Advance Warning Tip About Ordering Garlic in 2021
While writing this post I received a personal email from Troy Greenberg owner of GetGarlic.com.
As I’ve mentioned in prior posts, his “kids” have grown up working this family side business. So much so that for the most part they could run it by themselves.
BUT – as with all kids, some are graduating and leaving home.
That leaves fewer hands for all the work involved.
Thus, Troy tells me they’re planting less this year. Only what those who remain can handle.
As some of you know many growers sold out of garlic this year in record time. And that included GetGarlic.com.
Bottom line – make sure you order early to get the garlic you want.
I’ve harvested only a few radishes. Not as many as I’d like. The weather should be to their liking in November, so we’ll see what happens.
Spring radishes always do better for me than those planted in the fall.
Herbs have various phytonutrients that you may not find elsewhere. Using them is advantageous to your health as well as your taste buds.
This is a beautiful perennial that can take just about any change in temperature nature throws its way. It’ll look just about dead in drought years and then renew itself when the weather changes. At times when there’s no lettuce in your garden, sorrell is a good fill-in, but with a lemony flavor.
I mulch but sometimes mulch disappears from the sorrell. They still do ok.
The year I was out of commission I lost my sorrell plants. Don’t know what happened to them since I couldn’t get to the garden.
Started more from seed. Planted 6 seedlings in the spring of 2019. Lost 3 within a month. The other 3 are still going and looking great.
Thyme is easy to start from seed. Just plant in a jug as I’ve instructed in various posts. Here’s one.
I keep several plants in the garden. They get large and thick. Approximately 2 feet by 3 feet. They last into the second year in my garden. When the branches start dying back you can cut them back and see if the plant will renew itself. Or you can take cuttings from the branches still “green”. Or you can start from seed again. Whatever is easier for you.
This fall mine seeded in the paths. Yeh! No work for me!

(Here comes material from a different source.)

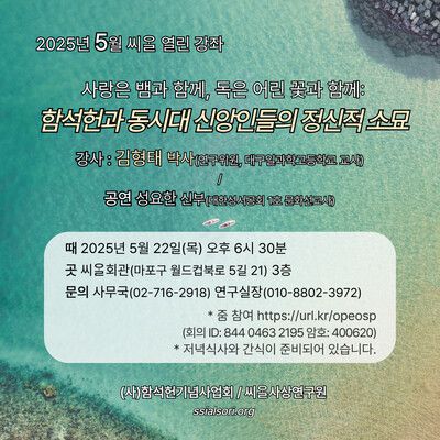 ◇ 함석헌기념사업회는 오는 22일 오후 6시30분 서울 마포구 씨알회관에서 5월 씨알 열린 강좌를 연다. 김형태 박사가 ‘사랑은 뱀과 함께, 독은 어린 꽃과 함께 - 함석헌과 동시대 신앙인들의 정신적 소묘’를 주제로 강의한다. 문의 (02)716-2918.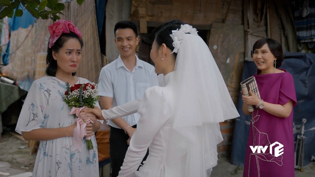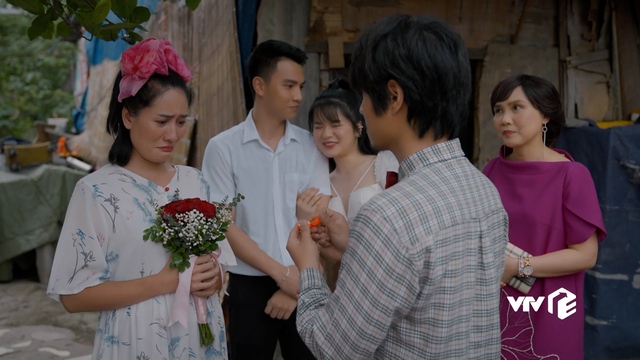 Đến màn tung hoa cưới, thay vì tung thì Luyến đến trao tận tay cho Bình khiến cô nàng bật khóc. Điền cũng tặng Bình chiếc nhẫn như lời cầu hôn và nói 'Hai mẹ con chờ anh nhé' khiến Bình xúc động.

I’ll soon transplant one to another location. The others I’ll leave in the path over the winter (with some mulch) and transplant to another bed in the spring.
If you like your potatoes sliced, tossed with a little oil, and roasted, sprinkle chopped thyme on them before cooking. I think it adds a nice flavor.
Most sources say that Rosemary is suppose to be hardy to about 20ºF. But that’s not all there is to it.
It will depend on how long the cold lasts, what the wind is like, and lots of other variables. In most years my rosemary thrives even though temperatures get below 20ºF.
Before Bill died, we had a long lasting period of extreme cold that this area is not use to. All rosemary plants within 50 miles that I know about died. Including mine.
When I started again I ordered 5 varieties of rosemary in small pots. (I wasn’t sure which I wanted and didn’t want to take time to grow from seed.)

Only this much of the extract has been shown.